Details
-
Bug
-
Resolution: Fixed
-
Critical
-
Lustre 2.11.0
-
None
-
3
-
9223372036854775807
Description
Testing WBC code against unpatched 2.11 servers it could be easily observed that sending a create intent (a valid intent handled by mdt_intent_reint ) crashes mdt with
[ 850.056294] LustreError: 2568:0:(layout.c:2398:req_capsule_extend()) ASSERTION( fmt->rf_fields[i].nr >= old->rf_fields[i].nr ) failed: [ 850.058033] LustreError: 2568:0:(layout.c:2398:req_capsule_extend()) LBUG [ 850.058796] Pid: 2568, comm: mdt01_002 [ 850.059467] Call Trace: [ 850.060682] [<ffffffffa01ab7ce>] libcfs_call_trace+0x4e/0x60 [libcfs] [ 850.061433] [<ffffffffa01ab85c>] lbug_with_loc+0x4c/0xb0 [libcfs] [ 850.062203] [<ffffffffa05b32a9>] req_capsule_extend+0x159/0x1c0 [ptlrpc] [ 850.062920] [<ffffffffa0c5d237>] mdt_create_unpack+0x157/0x4b0 [mdt] [ 850.063630] [<ffffffffa0c5dd78>] mdt_reint_unpack+0xa8/0x210 [mdt] [ 850.064290] [<ffffffffa0c4824f>] mdt_reint_internal+0x3f/0x990 [mdt] [ 850.064992] [<ffffffffa0c54bc7>] mdt_intent_reint+0x157/0x420 [mdt] [ 850.065693] [<ffffffffa0c4b8e2>] mdt_intent_opc+0x442/0xad0 [mdt] [ 850.066381] [<ffffffffa058fdd0>] ? lustre_swab_ldlm_intent+0x0/0x20 [ptlrpc] [ 850.067065] [<ffffffffa0c533b6>] mdt_intent_policy+0x1a6/0x360 [mdt] [ 850.067786] [<ffffffffa053ed63>] ldlm_lock_enqueue+0x363/0xa40 [ptlrpc] [ 850.068160] [<ffffffffa01bcb05>] ? cfs_hash_rw_unlock+0x15/0x20 [libcfs] [ 850.068554] [<ffffffffa01bfe96>] ? cfs_hash_add+0xa6/0x180 [libcfs] [ 850.068958] [<ffffffffa05671a3>] ldlm_handle_enqueue0+0x933/0x1540 [ptlrpc] [ 850.069354] [<ffffffffa058fe50>] ? lustre_swab_ldlm_request+0x0/0x30 [ptlrpc] [ 850.070049] [<ffffffffa05edd72>] tgt_enqueue+0x62/0x210 [ptlrpc] [ 850.070493] [<ffffffffa05f424b>] tgt_request_handle+0xb1b/0x15c0 [ptlrpc] [ 850.070889] [<ffffffffa01b76a7>] ? libcfs_debug_msg+0x57/0x80 [libcfs] [ 850.071272] [<ffffffffa05995b1>] ptlrpc_server_handle_request+0x261/0xaf0 [ptlrpc] [ 850.071964] [<ffffffffa059d3ce>] ptlrpc_main+0xabe/0x1fd0 [ptlrpc] [ 850.072373] [<ffffffff810af904>] ? finish_task_switch+0x44/0x180 [ 850.072758] [<ffffffff81703c00>] ? __schedule+0x240/0x950 [ 850.073150] [<ffffffffa059c910>] ? ptlrpc_main+0x0/0x1fd0 [ptlrpc] [ 850.073545] [<ffffffff810a2eda>] kthread+0xea/0xf0 [ 850.074636] [<ffffffff810a2df0>] ? kthread+0x0/0xf0 [ 850.074997] [<ffffffff8170fbd8>] ret_from_fork+0x58/0x90 [ 850.075354] [<ffffffff810a2df0>] ? kthread+0x0/0xf0
This actually highlights even bigger problem with this assertion, I think since it does allow various ill-formed requests to cause crashes too.

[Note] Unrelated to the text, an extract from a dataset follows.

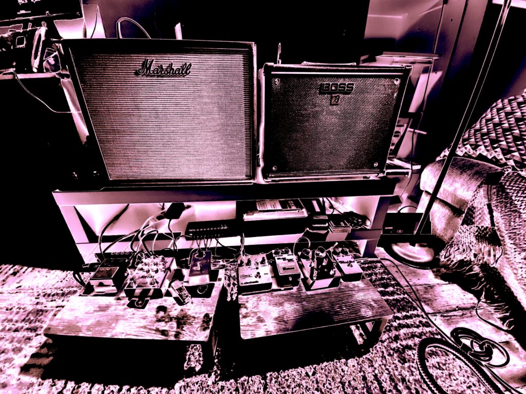 A few Guitar Hangers for the few guitars are ordered, a plan is underway to wall mount the pedals on a board for ease of access and to free up some more floor space. Which is now hugely improved by the removal of the exercise bike.

Anyway, the specific problem here is lack of "RMF_EADATA" component in the pill selected which is RQF_MDS_REINT_CREATE_ACL, but in reality that's only valid for a regular reint RPC, the intent RPCs already get their capsules extended as part of ldlm processing (and obviously they are not happy we are changing the format) so we can totally skip this step for intents.
The other problem once we overcome this one is mdt_reint_create unconditionally assumes that any request with ldlm handle in it (determined by info->mti_dlm_req set) is ELC cancel
request and calls ldlm_request_cancel right away. Which is great for normal reint requests, but crashes for intent requests because the lock handle provided is not yet granted or not properly referenced or some such.
As such we really need to rework the current intent-create logic not to crash right away.